|Publication number||US6769552 B1|
|Application number||US 10/024,156|
|Publication date||3 Aug 2004|
|Filing date||17 Dec 2001|
|Priority date||17 Dec 2001|
|Publication number||024156, 10024156, US 6769552 B1, US 6769552B1, US-B1-6769552, US6769552 B1, US6769552B1|
|Inventors||David R. Thalenfeld|
|Original Assignee||Trion Industries, Inc.|
|Export Citation||BiBTeX, EndNote, RefMan|
|Patent Citations (25), Referenced by (31), Classifications (6), Legal Events (5)|
|External Links: USPTO, USPTO Assignment, Espacenet|
In connection with many product display systems, for the display and presentation of product items on store shelves, it is beneficial to position the product items neatly in line and close to the front of the shelving, for easy viewing and retrieval by the customer. To this end, it is a well known practice to install pusher devices on display shelving, arranged by spring action to constantly urge a line of product items toward the front of the shelf. U.S. Pat. Nos. 5,855,281, 5,012,936 and 4,303,162 are representative of many proposals for this purpose.
A simple and well known type of product pusher utilizes a guide track member and a pusher sled movable along the guide track. A flat strip coil spring is associated with the sled and serves constantly to urge the sled in a direction toward the front of the guide track. A line of product items positioned in front of the sled will be constantly urged toward the front by reason of the spring action on the sled. A fixed stop at the front of the shelf positions the frontmost product item.
Product pushers of the type described in the preceding paragraph are, in general, well known and widely used. The manufacture of such product pushers, however, is more costly than desired, because of handwork involved in the overall assembly of the device.
The present invention is directed to the provision of a product pusher system along the lines described above which is significantly more advantageous than known devices in that the operations involved in its assembly are greatly simplified and expedited, resulting in significant labor savings in the assembly operations and enabling the new device to be produced at significantly lower cost.

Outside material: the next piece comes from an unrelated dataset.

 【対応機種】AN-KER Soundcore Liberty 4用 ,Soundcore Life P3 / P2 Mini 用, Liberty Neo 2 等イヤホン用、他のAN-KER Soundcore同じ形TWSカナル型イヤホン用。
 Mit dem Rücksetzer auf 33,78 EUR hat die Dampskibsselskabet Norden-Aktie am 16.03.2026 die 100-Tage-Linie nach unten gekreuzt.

In the assembly of conventional product pushers of the type involved herein, the pusher sled is provided with a chamber, open at the back but otherwise enclosed, for the reception of a coiled strip spring. A narrow slot is formed in the lower front wall portion of the sled through which the outer convolution of the spring is projected. The end extremity of the spring is provided with an offset portion, which is arranged to be inserted through a vertical slot in the guide track to form an anchor for the end extremity of the spring. When assembling the system, the sled is applied to the guide track by applying it over the rearwardmost end of the guide track and sliding it to a front position. The coiled strip spring is then inserted into the open back of the spring chamber provided on the sled, with the assembler manipulating the end extremity of the spring so that it is inserted into and extended through the slot in the lower portion of the sled. The assembler then grips the projecting end extremity of the spring strip with a suitable tool such as pliers, and distorts it as necessary to insert the end downward into the anchor slot in the guide track. Particularly, this last operation requires some strength and dexterity and is a relatively time consuming assembly operation.

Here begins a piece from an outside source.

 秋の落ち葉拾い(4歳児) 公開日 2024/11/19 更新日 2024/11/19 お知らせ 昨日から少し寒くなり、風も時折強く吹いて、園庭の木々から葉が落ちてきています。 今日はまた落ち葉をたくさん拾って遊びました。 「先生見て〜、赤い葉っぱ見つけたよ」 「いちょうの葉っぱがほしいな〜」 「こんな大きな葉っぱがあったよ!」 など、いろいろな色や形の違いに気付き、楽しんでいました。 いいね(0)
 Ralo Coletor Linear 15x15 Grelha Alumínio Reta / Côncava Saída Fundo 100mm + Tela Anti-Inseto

Pursuant to the present invention, the design of the sled and guide strip is such that the coiled strip spring may be manipulated entirely independently of the sled, in order to insert the end extremity of the spring into an anchor slot at the front of the guide track. That is a rapid and simple operation, requiring no tools or any special dexterity, since the entire spring may be tilted and manipulated to insert the end through the anchor slot, after which the spring can simply be allowed to fall back on to the surface of the guide track. The pusher sled of the new design is constructed with a spring housing which is completely open along the bottom, and is provided with a front opening for the spring, which is in the form of a downwardly opening notch, rather than a slot. Thus, after the spring has been anchored on the guide strip, the sled may be simply lowered over the top of the spring. Engagement of the sled with the guide track is effected by inclined entry surfaces along the bottom of the sled, which are forced apart as the sled is pressed downwardly, and snapped over the opposite side edges of the guide track to complete the assembly. The entire operation is significantly faster to complete than the conventional series of assembly operations.

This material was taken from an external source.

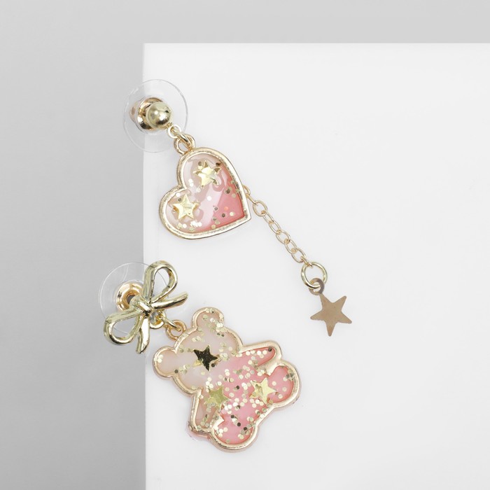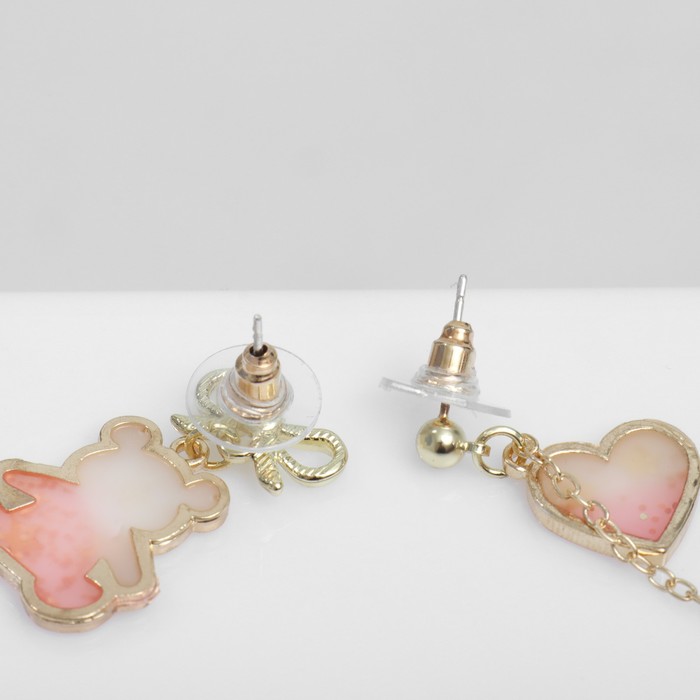 Серьги с эмалью «Мишка» и сердце, романтика, цвет бело-розовый в золоте — Характеристики

In the device of the invention, the guide strip is formed with stop means at both ends for limiting the extreme forward and extreme rearward movements of the sled. In conventional designs, in which the sled is applied over the back end of the guide strip, it is possible to pull the spring-loaded sled off of the back of the guide strip enabling it to snap forwardly in an uncontrolled manner, with possible injury.
For a more complete understanding of the above and other features and advantages of the invention, reference should be made to the following detailed description of a preferred embodiment of the invention, and to the accompanying drawings.
FIG. 1 is a perspective view of a product pusher assembly constructed in accordance with the invention.
FIG. 2 is a top plan view of a device of FIG. 1, illustrating principally the end extremities of the guide track.
FIG. 3 is a fragmentary side elevational view of the pusher device of the invention, showing the sled positioned adjacent the rearward extremity of the guide track, with parts broken away at the left side to illustrate features of a longitudinal channel for receiving a pusher spring.
FIG. 4 is a back elevational view of the product pusher device of the invention.
FIG. 5 is a side elevational view of the pusher device of the invention, showing the sled positioned at the forward extremity of the guide track, with parts broken away at the right side to show features of the spring-receiving channel, and parts broken away at the left side to illustrate a locking arrangement for the pusher spring.
FIG. 6 is a front elevational of the pusher device of the invention, with parts broken away at the right side to show features of a retaining flange for guiding the pusher sled.
FIG. 6a is a fragmentary cross sectional view of an alternative form of retaining flange and guide track.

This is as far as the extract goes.